SOLO, MettaNEWS – Camat Banjarsari Beni Supartono Putro menyebut MMT penolakan aktivitas ibadah di rumah warga Banyuanyar langsung dicopot pada waktu yang sama. Tidak lama setelah terpasang.
“Awalnya dari kelompok warga Banyuanyar mengadakan pawai menyambut 1 Dzulhijah. Kemudian ada aksi kita tidak tahu dari mana asalnya tahu-tahu masang spanduk pada 2 titik,” ujar Beni.
Beni menerangkan pemasangan MMT pada 2 titik itu di RW 7 dan RW 8. Terus langsung dilepas hari itu juga. Dan yang melepas mereka juga,” ungkap Beni ketika ditemui di Balai Kota, Senin (19/6/2023).
Beni mengatakan warga yang menolak tersebut asalannya karena belum izin dan mengadakan aktivitas agama.
“Setiap rumah ibadah kan harus ada izinnya. Dan ini kita dorong saja untuk proses perizinannya,” terang Beni.
Beni menepis kejadian hari Minggu (18/6/2023) sebagai aksi intoleran.
“Tidak ada masalah sebenarnya. Jadi tidak seperti ada yang intoleran. Ini soal proses perizinan saja. klo proses izin berjalan saya kira ndak ada masalah,” jelasnya.
Pihaknya mengungkapkan masyarakat yang ingin mendirikan rumah ibadah harus berproses dari bawah.
“Melalui RT, RW lingkungan lanjut ke kelurahan dan kecamatan. Kemudian dari FKUB turun rekomendasi lanjut ke perizinan,” tuturnya.

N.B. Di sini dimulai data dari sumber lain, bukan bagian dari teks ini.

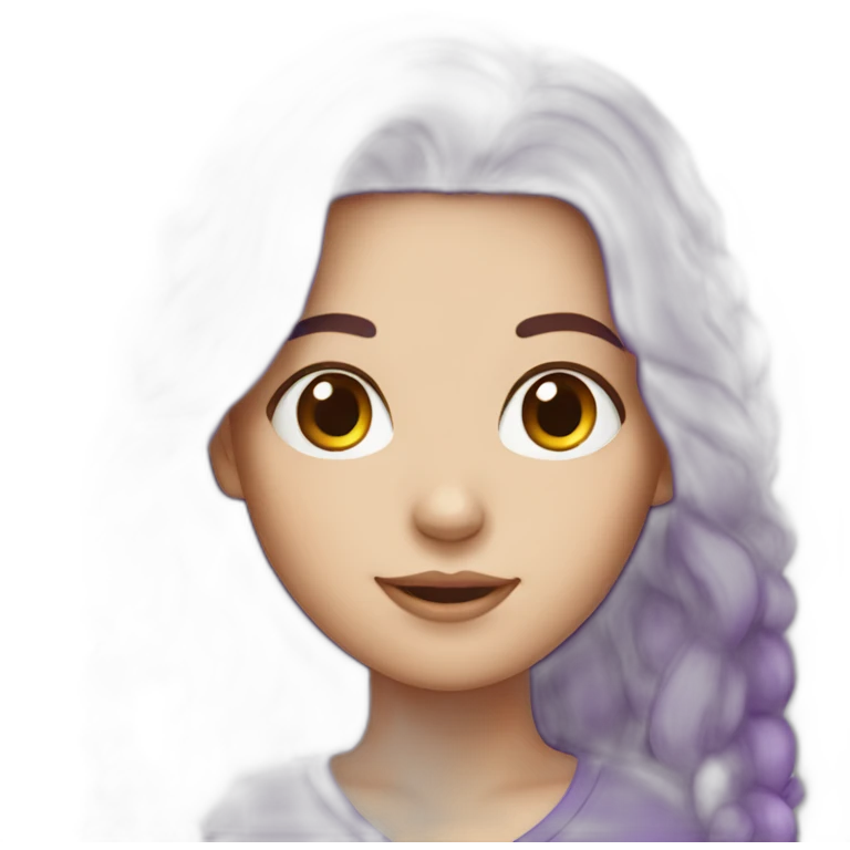 white girl with dark brown long hair with purple ombré at the tips emoji
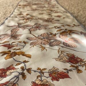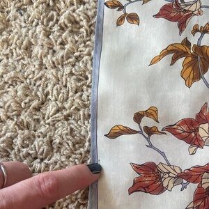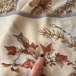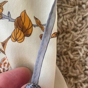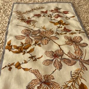 Chic authentic vintage silk scarf by Oscar de la Renta. Features autumn leaves in brown and tan on a cream base with rolled hem. This is vintage still in EUC but few tiny fraying with the rolled silk hem. Can’t see the imperfections but I tried to picture some of them in last 3 pictures. Final sale

Beni mengungkapkan pihaknya belum memonitor lebih jauh perihal alih fungsi rumah warga tersebut.
“Saya tidak terlalu monitor yang dipakai utl aktivitas ibadah itu seperti apa. Karena saya belum tahu peribadatannya seperti apa. Tapi memang ada informasi dari warga sekitar ada aktivitas begitu saja,” paparnya.
Beni mengatakan pihaknya sudah mengecek rumah warga tersebut.

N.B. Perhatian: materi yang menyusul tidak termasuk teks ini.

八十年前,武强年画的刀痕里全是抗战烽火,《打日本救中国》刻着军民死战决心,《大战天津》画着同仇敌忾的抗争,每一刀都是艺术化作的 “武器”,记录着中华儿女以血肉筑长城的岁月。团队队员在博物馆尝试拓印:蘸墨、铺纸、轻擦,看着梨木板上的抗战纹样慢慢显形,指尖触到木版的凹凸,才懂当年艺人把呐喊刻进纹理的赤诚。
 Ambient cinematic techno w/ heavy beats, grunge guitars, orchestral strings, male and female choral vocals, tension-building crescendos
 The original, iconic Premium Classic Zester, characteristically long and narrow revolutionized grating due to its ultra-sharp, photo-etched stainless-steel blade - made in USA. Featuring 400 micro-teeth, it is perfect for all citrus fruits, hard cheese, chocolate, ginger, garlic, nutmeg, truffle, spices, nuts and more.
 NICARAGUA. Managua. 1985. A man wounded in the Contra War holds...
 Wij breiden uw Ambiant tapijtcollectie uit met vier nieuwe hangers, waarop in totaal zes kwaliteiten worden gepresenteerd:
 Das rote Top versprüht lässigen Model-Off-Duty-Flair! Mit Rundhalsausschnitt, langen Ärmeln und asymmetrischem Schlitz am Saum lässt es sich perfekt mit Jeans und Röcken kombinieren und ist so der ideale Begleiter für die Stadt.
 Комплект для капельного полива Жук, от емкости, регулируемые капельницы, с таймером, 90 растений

“Saya tadi lewat sana, sebelumnya mas Wali juga ke sana. Tidak ada apa-apa kok. Itu rumah kosong,” tandasnya.
Beni menambahkan pihaknya akan mengawal proses perizinan. Baik secara administrasi hingga materiil harus terpenuhi semua.
“Hukum formil itu secara aturan pendirian gereja apa saja. Secara materiil itu lingkungan, warga sekitar juga harus terselesaikan. Sambil proses untuk aktivitasnya sebaiknya pindah dulu sementara,” pungkas Beni.